Ulysses and Minvera, all images ROH/ Stephen Cummiskey

The action takes place on a raised annular stage surrounding the instrumentalists. Rotating very slowly and bathed at first in a cool bluish glow, it contrasts with the yellow light from the orchestra and later livens up with other colours sometimes seen as circular bands within the annulus. There is no Phaeacian ship to turn to stone, hence no role for Neptune, but Odysseus’s (Ulysses’) slaying of the suitors is well staged with the bursting of balloons, brought on earlier by the shepherd, possibly representing his sheep.

Ulysses and Telemachus

Although the production fails to express the disguised nobility of Ulysses, particularly as he crawls round the stage towards the end, Roderick Williams fully brings out the subdued resilience of this wily Greek hero of the Trojan Wars, who arrives home twenty years after he left to reclaim his wife Penelope and meet the son he left behind, now grown to manhood. Williams was the star of the show, with Samuel Boden showing huge controlled energy and anger as his son Telemachus, the finest specimen of youthful masculinity to be seen on any stage. As Penelope herself, Christine Rice walked the role, but congratulations to Caitlin Hulcup, seated in the orchestra pit with a score, for a beautiful rendition of the vocal part, which she apparently prepared for over a weekend. Remarkable.

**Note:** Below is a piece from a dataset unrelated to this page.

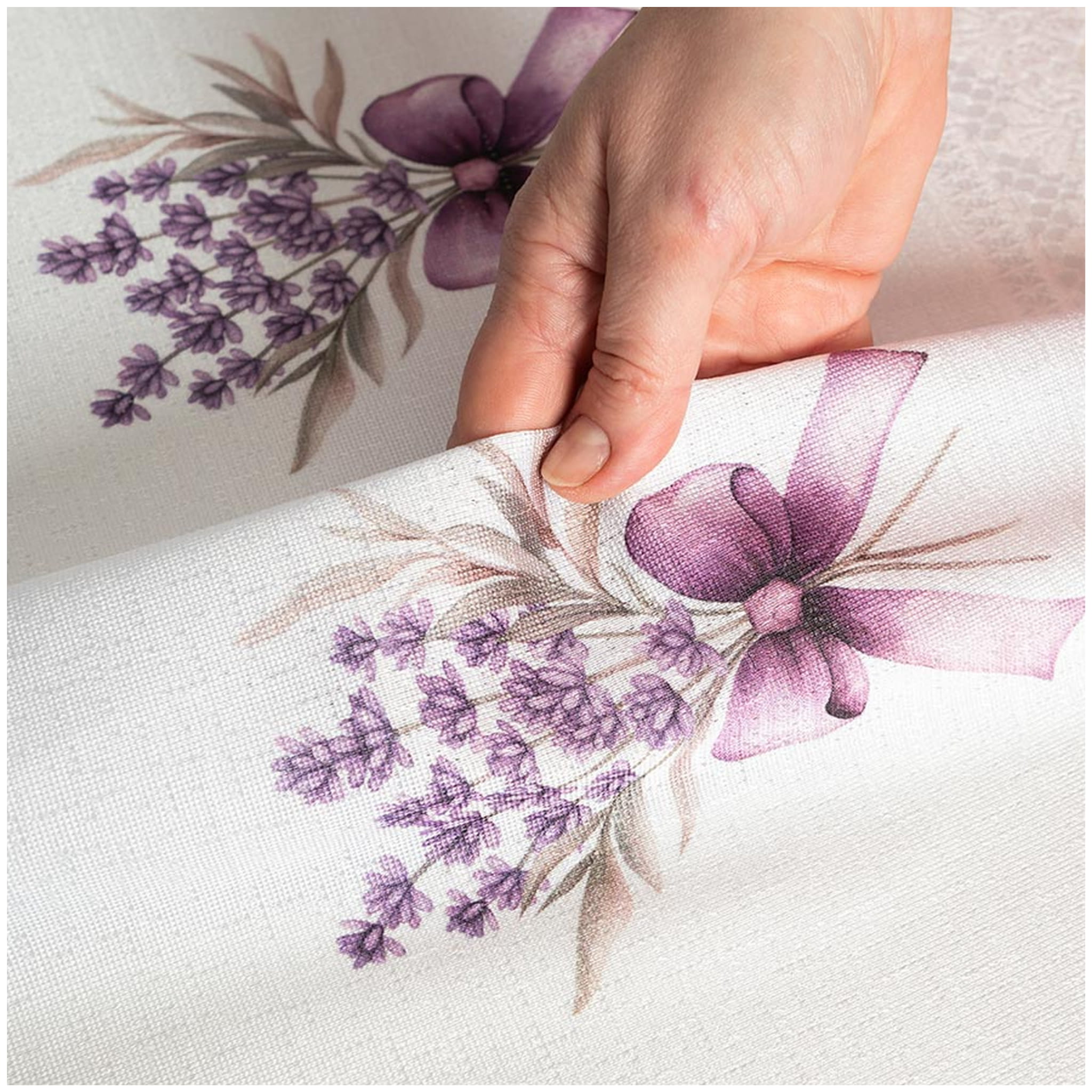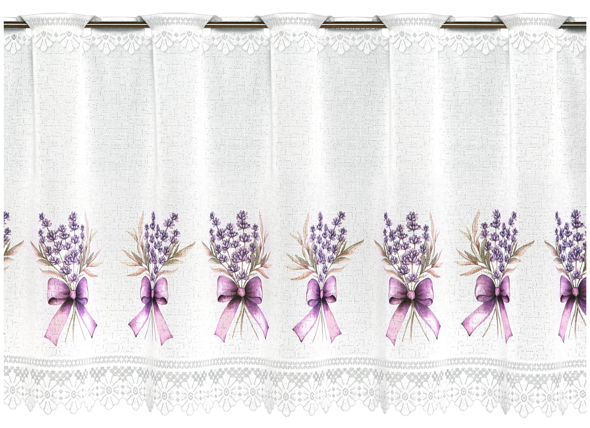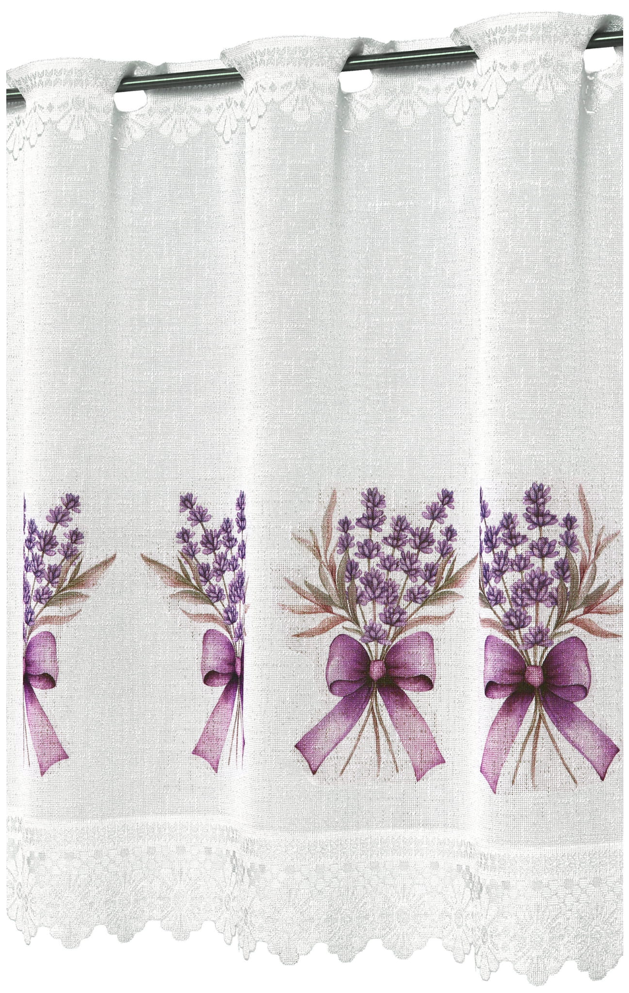 Zazdrostka wykonana z trwałej i wytrzymałej tkaniny żakardowej ozdobionej motywem lawendy. Zazdrostka jest lekka i podatna na układanie.

As Minerva (Athena), and Fortune in the Prologue, Catherine Carby’s voice pierced the gloom of the situation, and Susan Bickley gave a nuanced eloquence to the hero’s nurse Eurycleia as she tells Penelope of her husband’s old scar that she noticed on the stranger’s body. American soprano Francesca Chiejina was a delight as Melantho (and Love in the Prologue), servant to Penelope and supporter of the arrogant suitors, well represented by Nick Pritchard (counter-tenor), Tai Olney (tenor) and David Shipley as a firm and threatening bass, who also sang Time in the Prologue. A wonderfully sympathetic portrayal of Eumaeus the shepherd by Mark Milhofer, and as the greedy and brutish parasite, Irus, Stuart Jackson sang a notable lament towards the end.

Final scene

An outstanding performance by Roderick Williams as Ulysses, and beautifully produced music by Christian Curnyn directing the fourteen instrumentalists. No reason for several people near me to leave early, though they might have found the production insufficiently compelling.